**** Provided records

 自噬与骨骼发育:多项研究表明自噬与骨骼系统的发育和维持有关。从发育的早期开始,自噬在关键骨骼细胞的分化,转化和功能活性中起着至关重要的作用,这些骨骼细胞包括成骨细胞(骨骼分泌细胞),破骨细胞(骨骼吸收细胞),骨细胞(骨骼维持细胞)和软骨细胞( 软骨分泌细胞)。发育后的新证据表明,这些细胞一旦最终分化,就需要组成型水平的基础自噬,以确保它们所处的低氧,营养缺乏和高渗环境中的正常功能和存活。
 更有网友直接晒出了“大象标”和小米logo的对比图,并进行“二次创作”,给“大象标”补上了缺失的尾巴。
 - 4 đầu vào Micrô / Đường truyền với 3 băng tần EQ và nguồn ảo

********
**** Provided records

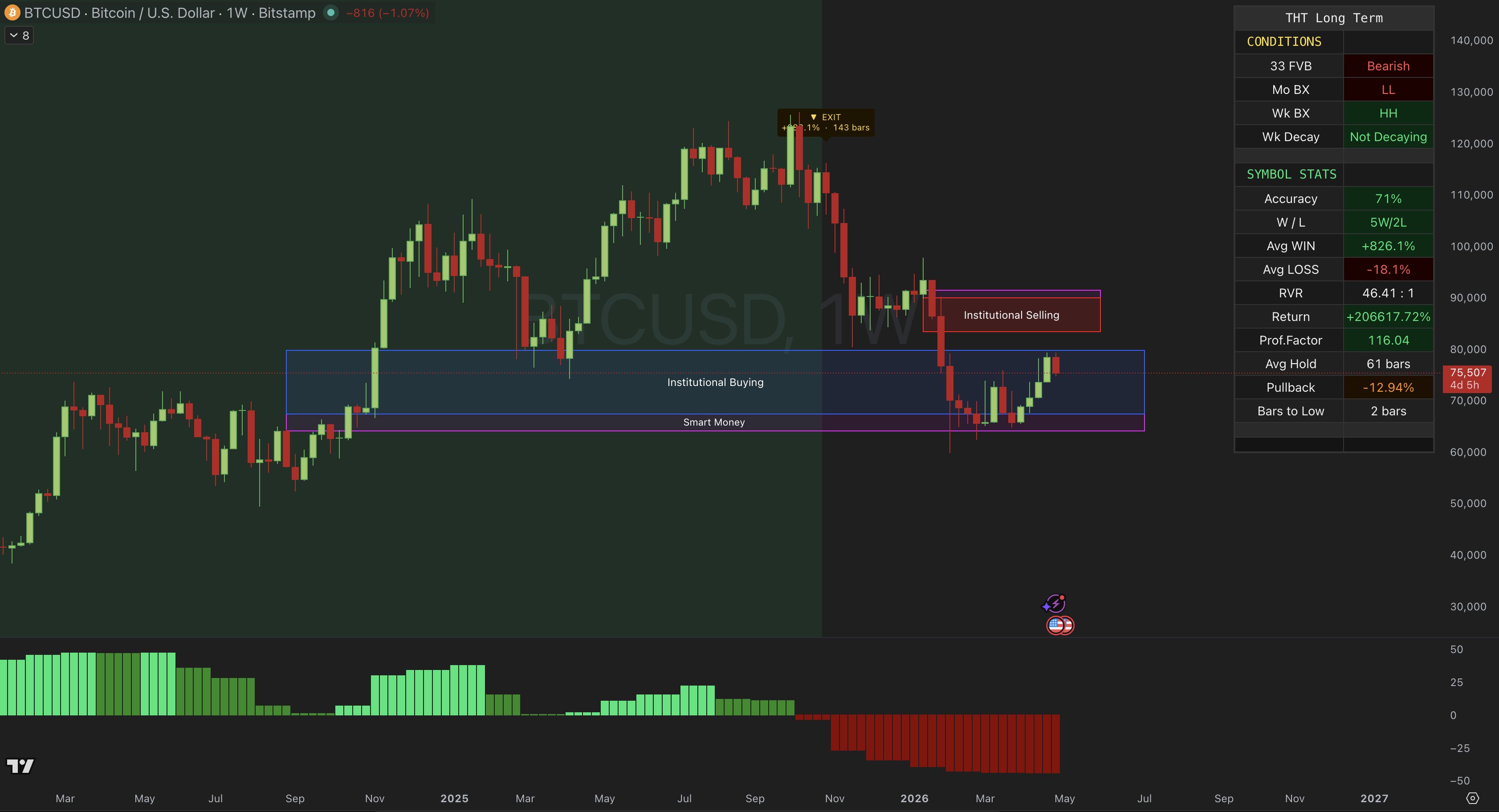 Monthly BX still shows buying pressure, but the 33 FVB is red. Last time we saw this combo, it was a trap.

********

Above are the lines; repeat exactly the ones from the line containing "自噬与骨骼发育:多项研究表明" down to the line containing "- 4 đầu vào", both inclusive.

 自噬与骨骼发育:多项研究表明自噬与骨骼系统的发育和维持有关。从发育的早期开始,自噬在关键骨骼细胞的分化,转化和功能活性中起着至关重要的作用,这些骨骼细胞包括成骨细胞(骨骼分泌细胞),破骨细胞(骨骼吸收细胞),骨细胞(骨骼维持细胞)和软骨细胞( 软骨分泌细胞)。发育后的新证据表明,这些细胞一旦最终分化,就需要组成型水平的基础自噬,以确保它们所处的低氧,营养缺乏和高渗环境中的正常功能和存活。
 更有网友直接晒出了“大象标”和小米logo的对比图,并进行“二次创作”,给“大象标”补上了缺失的尾巴。
 - 4 đầu vào Micrô / Đường truyền với 3 băng tần EQ và nguồn ảo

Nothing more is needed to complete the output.